One or more holes 24 are defined by and extend transversely through intramedullary nail 14. The diameter of holes 24 may correspond to the diameter of linked or unlinked fasteners that will be driven therethrough. Accordingly, the diameters of holes 24 may vary from one hole to the next depending on factors such as the patient's bone structure or the size of the fastener required. Each hole 24 defines an axis extending therethrough. Each hole axis may be parallel to the other hole axes or may be angularly offset therefrom. For example, the first four superior holes 24 in FIG. 1 have parallel hole axes to orient fasteners extending therethrough towards bone plate 12. The three inferior holes each have hole axes extending at different angles relative to the four superior hole axes. These axes allow the corresponding fasteners to extend towards the anterior and posterior ends of bone plate 12 without contacting bone plate 12. Holes 24 may have an internal thread pattern that corresponds to the thread pattern of fasteners configured to extend therethrough. Different hole arrangements are envisioned depending on several factors, such as the geometry of the patient's fracture and the quantity and size of fasteners required to secure that fracture.
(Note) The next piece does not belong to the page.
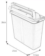
Model: DMS-T4.6A (Capacity: 4.6L)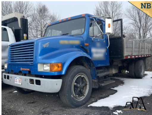
1990 International 4700 S/A Dump Truck Asking $15,000

FIG. 2 illustrates an unlinked fastener according to a preferred embodiment of a bone screw 26, also referred to as a plunger screw. Bone screw 26 comprises a shank 28, a screw head 30 at a proximal end, and a screw tip 32 at a distal end. Shank 28 extends along a longitudinal axis and has a generally cylindrical shape. Shank 28 preferably has a diameter the varies across shank 28, and may also have a diameter that tapers toward its distal end. Shank 28 comprises a thread pattern 34 that matches a thread pattern of the screw head 30 and the screw tip 32; that is, the pitch of the thread along the entire screw 26 is the same. Thread pattern 34 may include entirely lefthand threads, entirely righthand threads, or a superimposed righthand thread and lefthand thread. All of screw 26 or a portion thereof, such as the shank and tip, can be the same as the screws described in U.S. Pat. Pub. No. 2021/0338294, the disclosure of which is incorporated by reference herein. The superimposed thread type may be beneficial in simplifying removal of the screw if the screw breaks during insertion or under a load. The uniform thread pattern across the screw head 30, shank 28, and screw tip 32 is beneficial in that it limits the possibility of cross-threading upon insertion or removal of the plunger screw.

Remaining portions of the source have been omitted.